The next important step in configuring the Samba server is to specify how user accounts should be handled. Basically, the issue is that the user connecting to a Samba share usually is a Windows user. Being a Windows user, he comes in with Windows credentials, such as a password that is encrypted with the Windows NTLM password hash. Unfortunately, this way of encrypting passwords is not compatible with the way Linux encrypts its passwords, so something must be done to allow the Windows user to log in with his Windows password. Basically, this means you need to configure some additional authentication service. In the following list, you see an overview of the available options:
• Configure an additional file in which the names of the Windows users are stored.
• Don't use user authentication at all, but work with share level security. This is an unsecure option that you should never use on a server.
• Centralize the management of Windows user credentials on one server in the network.
• Hook the Samba server up with a Windows domain to handle user authentication.

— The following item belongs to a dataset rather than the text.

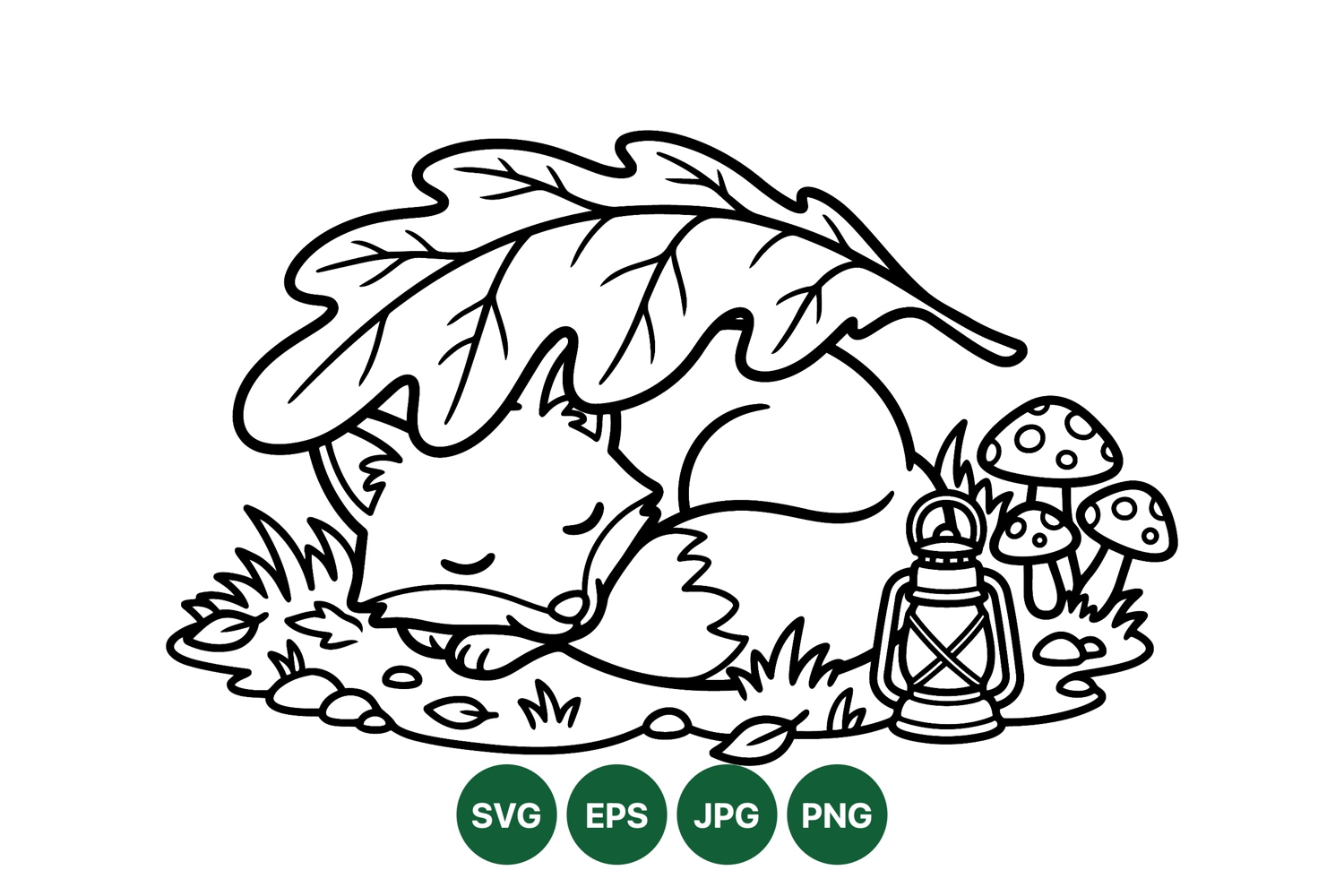 Kids Coloring Page Black And White Svg Woodland Animal Art Hand Drawn Fox Autumn Leaf Art Cute Animal Drawing Sleeping Fox Illustration Forest Nature Design Lantern Line Drawing Mushroom Vector Graphic

• Make the Samba server a Windows NT-style domain controller.
• Set up an LDAP directory service, and put the local Linux users as well as the Samba users in that.

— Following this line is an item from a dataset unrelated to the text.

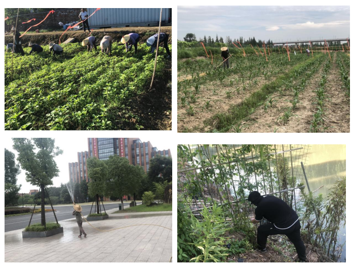 酷暑难挡,校园绿化、基地秧苗、小菜园防旱等夏季守护工作迎来艰巨时刻。大学生劳动实践教育基地6月中旬已完成22亩秋季农作物种植迎来茁壮生长期。人工除草、浇水、防虫、松土工作须定期安排,耗时长费人工,但在物业服务中心绿化班组的不间断的付出下,基地一派郁郁葱葱;东方小菜园作为今年上半年的“香饽饽”,暑期里加固河边护栏、修剪蔬菜作物、浇水防干旱等工作稳步进行;季向性花卉一期花海场地清理,拆除护栏、清理马鞭草花秆,农药除草、翻垦土地,预计8月中旬开展秋季花海播种工作。

I won't discuss all of these options here; that would require a book on its own. In this chapter, I'll discuss the easy method of creating an additional file in which the names of Windows users are stored. Later you'll also read how to configure your Samba server as a domain controller. In Chapter 17 of this book, you can read how to integrate Samba information in your local LDAP server.

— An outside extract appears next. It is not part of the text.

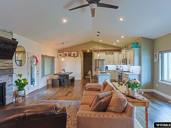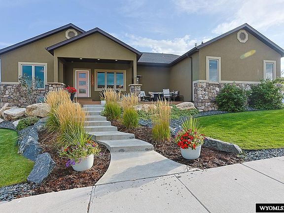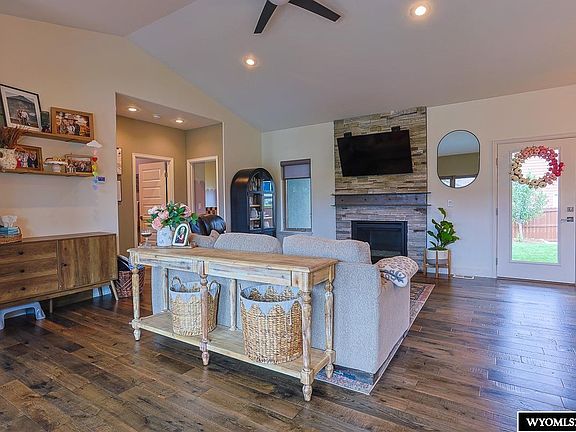 If you’ve ever driven by the corner of Waterford & Gramin Drive and thought, “Wow, someone really loves their lawn,” you’re welcome. This is that house. Built by Masters Construction, this 5-bedroom, 3-bath masterpiece sits on a corner lot with landscaping so dialed in it makes the neighbors quietly rage-weed their flower beds. Step inside and you’ll immediately notice the vaulted ceilings and fireplace stealing the show, because yes, even your ceilings deserve to flex. The kitchen is open, inviting, and ready to witness questionable dinner experiments or elite-level charcuterie boards. The primary suite? Let’s just say it’s designed to make your spouse say, “Well... this is mine now.” And don’t even get us started on the fully tiled, spa-like master shower. Wrapped in full stucco and built with energy-efficient SIP panels (that’s “structurally insulated panels” for the three people who didn’t Google it just now), this home isn’t just good looking, it’s smart, solid, and way ahead of its time. Oh, and did we mention the 3-car garage? Because your toys, tools, and backup freezer full of elk meat deserve better than street parking. Upgrades include: - Custom home by Master’s Construction, Corner lot, Full stucco exterior, SIP (structural insulated panel) construction = more efficiency , Wide plank solid oak floors , Vaulted ceilings, Expanded master shower, All floor joists insulated with blown in insulation , New refrigerator September 2025, In wall home theater speakers (head unit not included), Main level laundry possible with removal of bench, Bosch heat pump for heat and cool = higher efficiency Owner is a licensed Realtor in the state of Wyoming, and a self-proclaimed Master Lawn Keeper. See it today with Tommy Russell 307-267-7606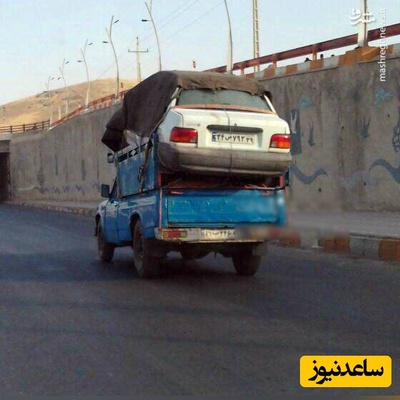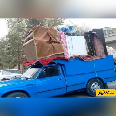 خلاقیت خندهدار راننده وانت تهرانی در حمل بار تمام قوانین فیزیک رو به تنهایی دور زد/ بفرما تکنولوژی وطنی به سبک پت و مت روزگار

To set up a local Samba user database, you need the command smbpasswd. With this command, you can create and later add to a Samba user database file with the name of /etc/samba/smbpasswd. For every user you want to allow access to the Samba server, you need to create an entry in this file. Before doing so, you must make sure the user already exists in the local Linux user database. If the user doesn't exist already, smbpasswd will give an error indicating that it is impossible to create the user. After verifying that the user you want to create as a Samba user already exists as a local user, use smbpasswd -a username to create the Samba user. This adds the user with its new credentials to the /etc/samba/smbpasswd file and makes sure the user can log in to your server.